Objectives: To examine the safety and efficacy of 28 days of treatment with denufosol compared with placebo in patients with mild cystic fibrosis.

Methods: The study was a randomized, double-blind, multi-center, 28-day, phase 2 clinical trial of denufosol tetrasodium inhalation solution (20, 40, or 60 mg) versus placebo (normal saline). Patients with screening FEV1 >= 75% of predicted normal value and not treated with inhaled antibiotics for the past 30 days were randomized to receive one of three doses of denufosol or placebo administered three times daily.

Measurements and Main Results: Eighty-nine patients were randomized and received the study drug, 94% completed the study, and 98% were compliant with dosing. All treatments were generally well tolerated, with no dose–response trends observed with respect to safety parameters. The most common adverse event was cough (52% of placebo patients and 47% of denufosol patients). Five patients discontinued early due to adverse events, two on placebo and three on denufosol. Denufosol patients (pooling active doses) had significantly higher changes from baseline in FEV1 (P = 0.006), FEF25%-75% (P = 0.008), FVC (P = 0.022), and FEV1/FVC (P = 0.047) than placebo patients at the end of the study.

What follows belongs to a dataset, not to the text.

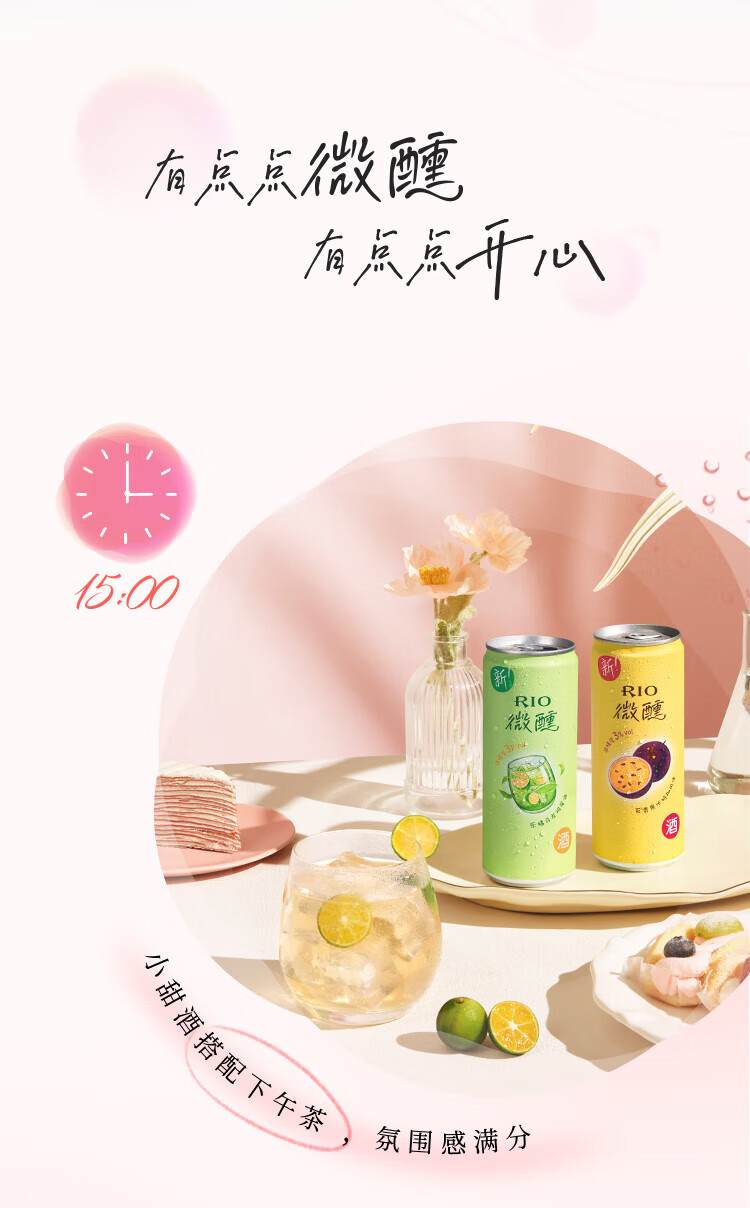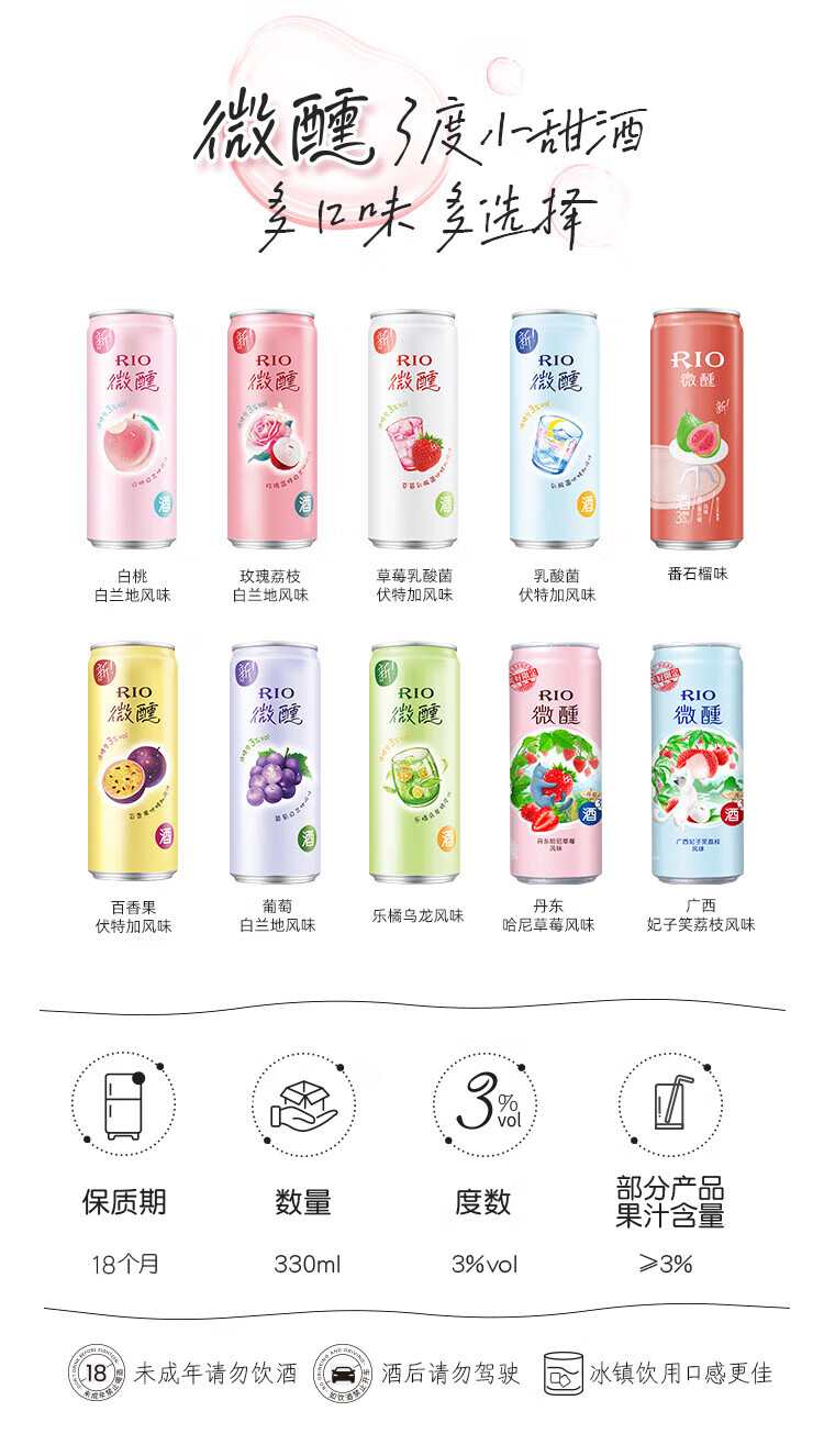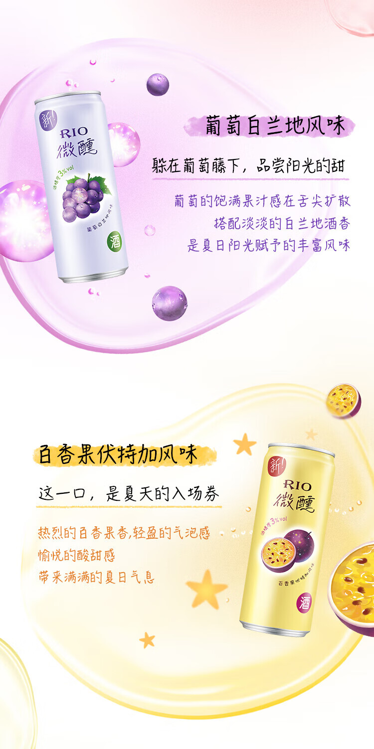 锐澳(RIO)洋酒预调鸡尾酒果酒微醺系列330ml3度口味自可选限定青梅龙井中秋 葡萄白兰地*24

Conclusions: Denufosol administered three times daily for 28 days appeared to be safe and well tolerated in this population with mild cystic fibrosis and provided preliminary evidence of potential benefit in lung function.

Key Words: clinical trial • lung function • adverse event


AT A GLANCE COMMENTARY

Scientific Knowledge on the Subject
P2Y2 agonists are potentially useful drugs for CF in terms of activating an alternate chloride ion channel, inhibiting sodium absorption, and enhancing airway clearance.

What This Study Adds to the Field
In this phase 2 study, denufosol significantly improved lung function in patients with mild cystic fibrosis lung disease.